The command to run MSGF+ would look like this (see the manual page for details):
java -jar /path/to/MSGFPlus.jar \
-s input.mzML \
-o output.mzid
-d proteins.fasta \
-t 20ppm \ ## precursor mass tolerance
-tda 1 \ ## search decoy database
-m 0 \ ## fragmentation method as written in the spectrum or CID if no info
-int 1 ## Orbitrap/FTICR/Lumos
We can easily build such a command for each of our input file:
mzids <- sub("mzML", "mzid", basename(experimentFiles(msexp)[["mzmls"]]))
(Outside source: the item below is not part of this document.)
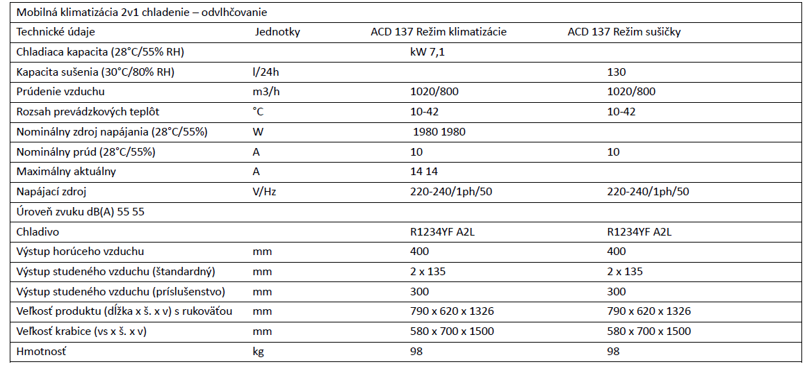 Mobilná klimatizácia 2v1 chladenie - odvlhčovanie ACD 137

paste0("java -jar /path/to/MSGFPlus.jar",
" -s ", experimentFiles(msexp)[["mzmls"]],
" -o ", mzids,
" -d ", experimentFiles(msexp)[["fasta"]],
" -t 20ppm",
" -m 0",
" int 1")
## [1] "java -jar /path/to/MSGFPlus.jar -s /home/biocbuild/.cache/R/rpx/2693231cf13b6f_QEP2LC6_HeLa_50ng_251120_01-calib.mzML -o 2693231cf13b6f_QEP2LC6_HeLa_50ng_251120_01-calib.mzid -d homo_sapiens.fasta -t 20ppm -m 0 int 1"
## [2] "java -jar /path/to/MSGFPlus.jar -s /home/biocbuild/.cache/R/rpx/26932395605ab_QEP2LC6_HeLa_50ng_251120_02-calib.mzML -o 26932395605ab_QEP2LC6_HeLa_50ng_251120_02-calib.mzid -d homo_sapiens.fasta -t 20ppm -m 0 int 1"
Here, for the sake of time and portability, we will not actually run MSGF+, but a simple shell script that will generate mzid files in a temporary R directory.
(output <- file.path(tempdir(), mzids))
## [1] "/tmp/Rtmpx26g10/2693231cf13b6f_QEP2LC6_HeLa_50ng_251120_01-calib.mzid"
## [2] "/tmp/Rtmpx26g10/26932395605ab_QEP2LC6_HeLa_50ng_251120_02-calib.mzid"
cmd <- paste("touch", output)
cmd
## [1] "touch /tmp/Rtmpx26g10/2693231cf13b6f_QEP2LC6_HeLa_50ng_251120_01-calib.mzid"
## [2] "touch /tmp/Rtmpx26g10/26932395605ab_QEP2LC6_HeLa_50ng_251120_02-calib.mzid"
The cmd
variable holds the two commands to be run on the command
line that will generate the new files. We can run each of these
commands with the system()
function.
sapply(cmd, system)
## touch /tmp/Rtmpx26g10/2693231cf13b6f_QEP2LC6_HeLa_50ng_251120_01-calib.mzid
## 0
## touch /tmp/Rtmpx26g10/26932395605ab_QEP2LC6_HeLa_50ng_251120_02-calib.mzid
## 0
Below, we add the names of the newly created files to our experiment:
experimentFiles(msexp)[["mzids"]] <- mzids
experimentFiles(msexp)
## MsExperimentFiles of length 3
## [["mzmls"]] 2693231cf13b6f_QEP2LC6_HeLa_50ng_251120_01-calib.mzML ...
## [["fasta"]] homo_sapiens.fasta
## [["mzids"]] 2693231cf13b6f_QEP2LC6_HeLa_50ng_251120_01-calib.mzid ...
msexp
## Object of class MsExperiment
## Files: mzmls, fasta, mzids
## Spectra: MS1 (12983) MS2 (45924)
## Experiment data: 2 sample(s)
We can also decide to store the commands that were used to generate
the mzid files in the experiment’s metadata slot. Here, we use the
convention to name that metadata item "mzmls_to_mzids"
to document
to input and output of these commands.
metadata(msexp)[["mzmls_to_mzids"]] <- cmd
metadata(msexp)
## $mzmls_to_mzids
## [1] "touch /tmp/Rtmpx26g10/2693231cf13b6f_QEP2LC6_HeLa_50ng_251120_01-calib.mzid"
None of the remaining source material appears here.